Content starts

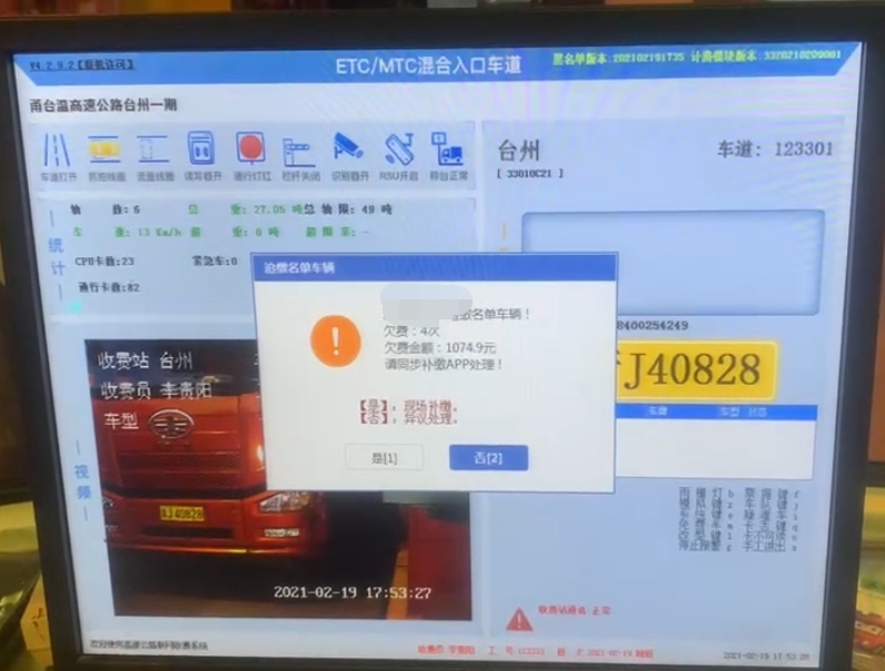 自取消省界收費(fèi)站全國(guó)高速公路聯(lián)網(wǎng)后,跨省追繳通行費(fèi)一直是個(gè)大難題,不少司機(jī)的省外通行費(fèi)因無(wú)法追繳,造成通行費(fèi)不斷流失。交通部為了適應(yīng)“全國(guó)一張網(wǎng)”稽核業(yè)務(wù)工作需要,確保各收費(fèi)站現(xiàn)場(chǎng)有序處理追繳名單車(chē)輛,避免造成社會(huì)輿情和人身財(cái)產(chǎn)安全事件,研發(fā)了全國(guó)稽核通行費(fèi)補(bǔ)費(fèi)系統(tǒng)。 2月19日晚17點(diǎn)50分左右,臺(tái)州收費(fèi)所進(jìn)口迎來(lái)一輛車(chē)牌為浙J開(kāi)頭的六類貨車(chē),車(chē)道屏幕顯示為“浙J XXXXXX追繳名單車(chē)輛,欠費(fèi)4次,欠費(fèi)金額1074.9元,請(qǐng)同步補(bǔ)繳APP處理。”當(dāng)班收費(fèi)員見(jiàn)此詢問(wèn)駕駛員是否欠費(fèi),并喊來(lái)當(dāng)班班長(zhǎng)張錚過(guò)來(lái)處理。
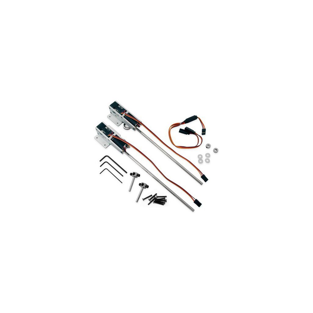 Zatahovací podvozek s elektrickým zasouváním a vytažením a jednoduchou montáží. Obsahuje kabeláž a montážní příslušenství. Už to nemůže být jednodušší, pouze přišroubujete do křídla a zapojíte k obsaženému Y kabelu.
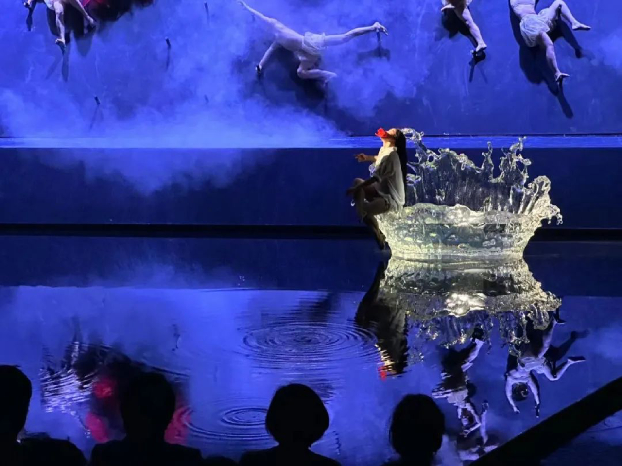 而無論舞台上的身影如何舞動,舞台中心由跨界藝術家黃渤創作的、透明材料製成的巨大雕塑《激浪》,卻始終立在那裏,不動聲色卻又讓人無法忽視。
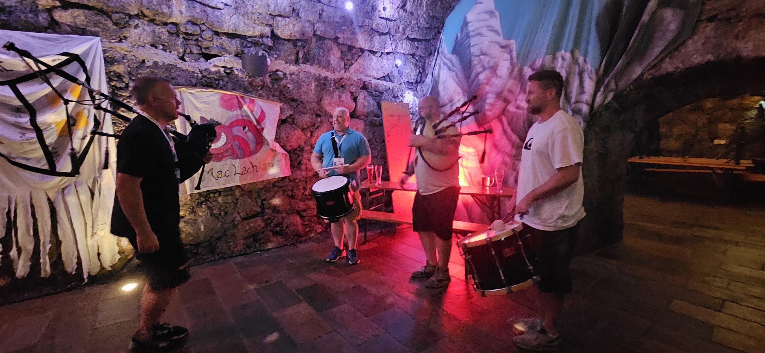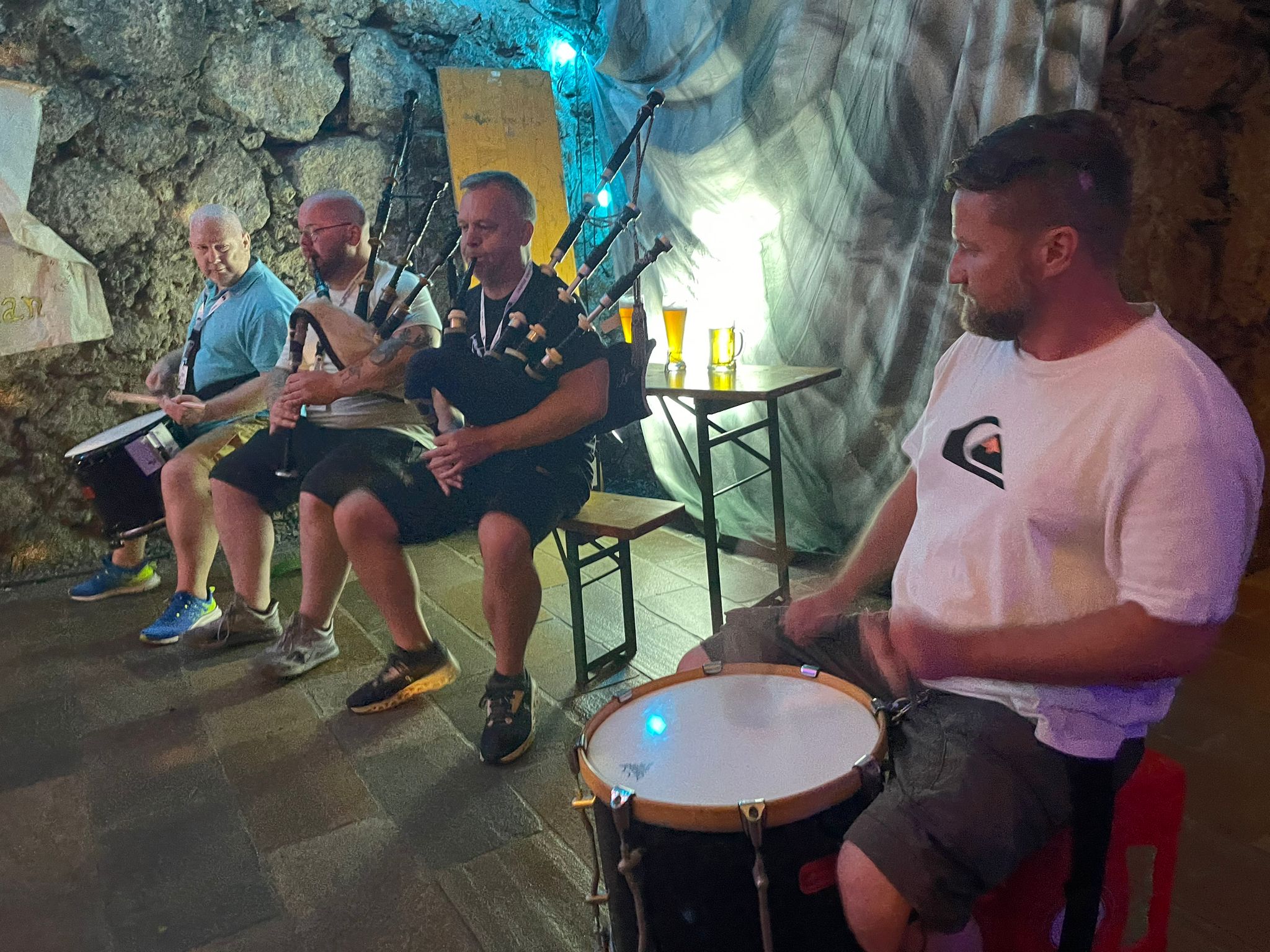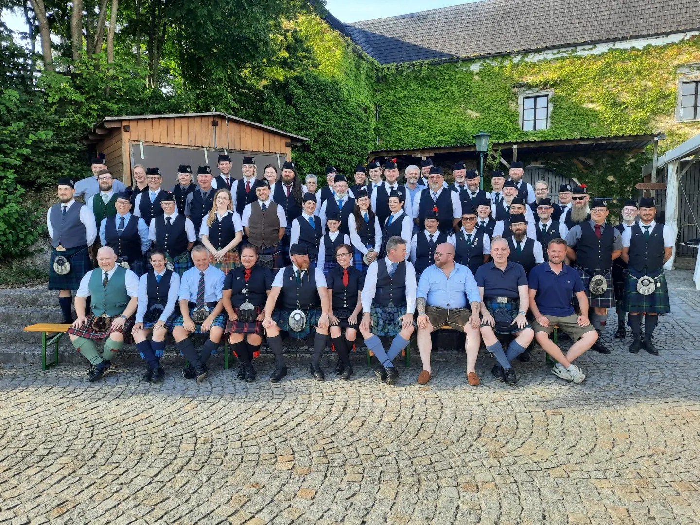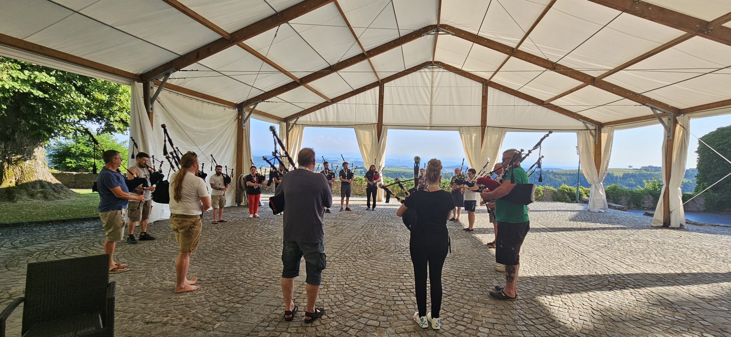 Hierzu treffen sich Dudelsackspieler, Snare-, Tenore- und Bass-Trommel-Spieler auf der Burg Kreuzen in Oberösterreich.
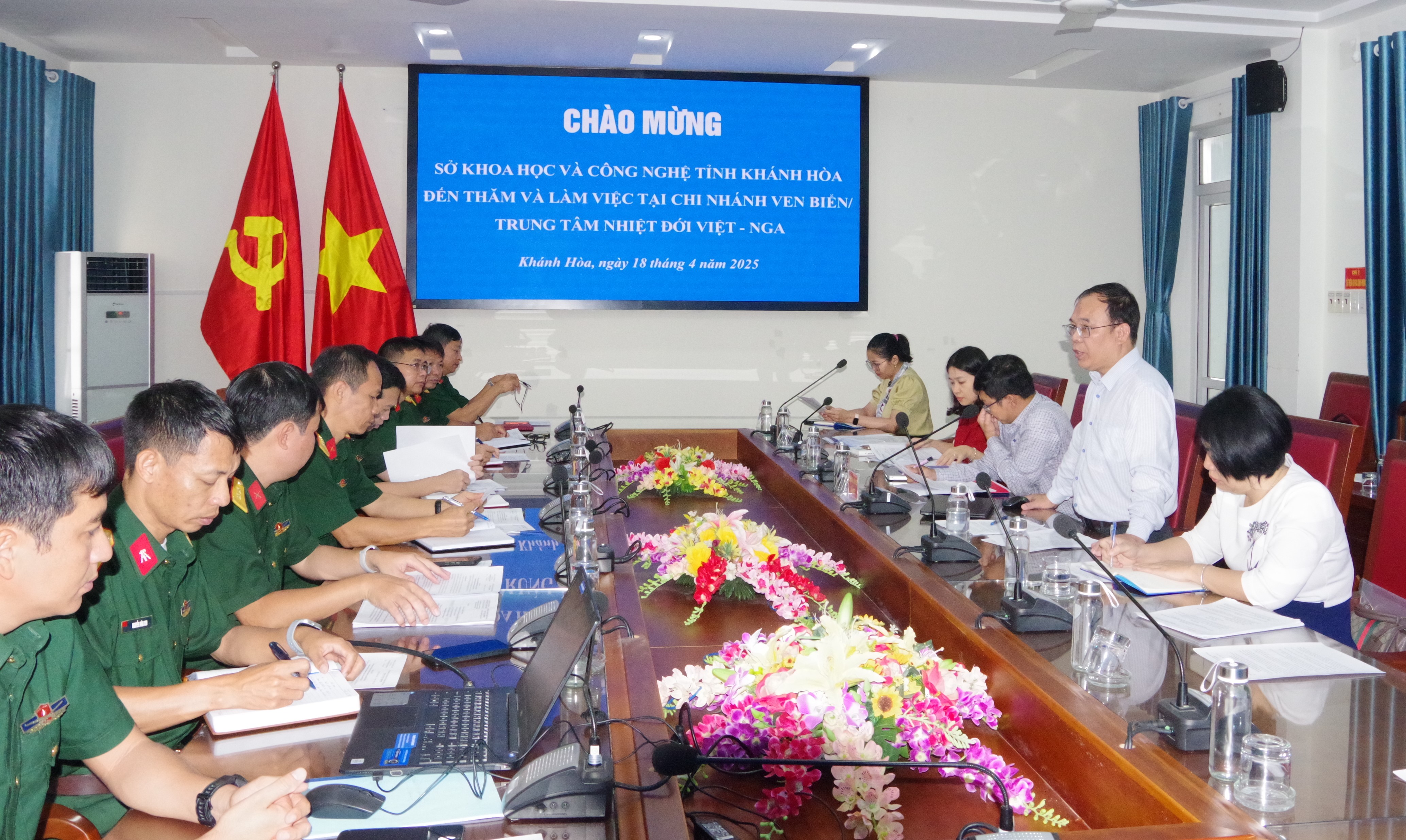 19/04/2025Ngày 18/4, tại thành phố Nha Trang, tỉnh Khánh Hòa, đồng chí Đại tá, Tiến sĩ Nguyễn Như Hưng, Giám đốc Chi nhánh Ven biển chủ trì tiếp và làm việc với đoàn công tác Sở Khoa học và Công nghệ (KH&CN) tỉnh Khánh Hòa do đồng chí Nguyễn Tấn Trung, Phó Giám đốc Sở KH&CN làm trưởng đoàn.

Content ends

## What the task asks
Give back all of the data exactly, but not the pictures.

## Result
 自取消省界收費(fèi)站全國(guó)高速公路聯(lián)網(wǎng)后,跨省追繳通行費(fèi)一直是個(gè)大難題,不少司機(jī)的省外通行費(fèi)因無(wú)法追繳,造成通行費(fèi)不斷流失。交通部為了適應(yīng)“全國(guó)一張網(wǎng)”稽核業(yè)務(wù)工作需要,確保各收費(fèi)站現(xiàn)場(chǎng)有序處理追繳名單車(chē)輛,避免造成社會(huì)輿情和人身財(cái)產(chǎn)安全事件,研發(fā)了全國(guó)稽核通行費(fèi)補(bǔ)費(fèi)系統(tǒng)。 2月19日晚17點(diǎn)50分左右,臺(tái)州收費(fèi)所進(jìn)口迎來(lái)一輛車(chē)牌為浙J開(kāi)頭的六類貨車(chē),車(chē)道屏幕顯示為“浙J XXXXXX追繳名單車(chē)輛,欠費(fèi)4次,欠費(fèi)金額1074.9元,請(qǐng)同步補(bǔ)繳APP處理。”當(dāng)班收費(fèi)員見(jiàn)此詢問(wèn)駕駛員是否欠費(fèi),并喊來(lái)當(dāng)班班長(zhǎng)張錚過(guò)來(lái)處理。
 Zatahovací podvozek s elektrickým zasouváním a vytažením a jednoduchou montáží. Obsahuje kabeláž a montážní příslušenství. Už to nemůže být jednodušší, pouze přišroubujete do křídla a zapojíte k obsaženému Y kabelu.
 而無論舞台上的身影如何舞動,舞台中心由跨界藝術家黃渤創作的、透明材料製成的巨大雕塑《激浪》,卻始終立在那裏,不動聲色卻又讓人無法忽視。
 Hierzu treffen sich Dudelsackspieler, Snare-, Tenore- und Bass-Trommel-Spieler auf der Burg Kreuzen in Oberösterreich.
 19/04/2025Ngày 18/4, tại thành phố Nha Trang, tỉnh Khánh Hòa, đồng chí Đại tá, Tiến sĩ Nguyễn Như Hưng, Giám đốc Chi nhánh Ven biển chủ trì tiếp và làm việc với đoàn công tác Sở Khoa học và Công nghệ (KH&CN) tỉnh Khánh Hòa do đồng chí Nguyễn Tấn Trung, Phó Giám đốc Sở KH&CN làm trưởng đoàn.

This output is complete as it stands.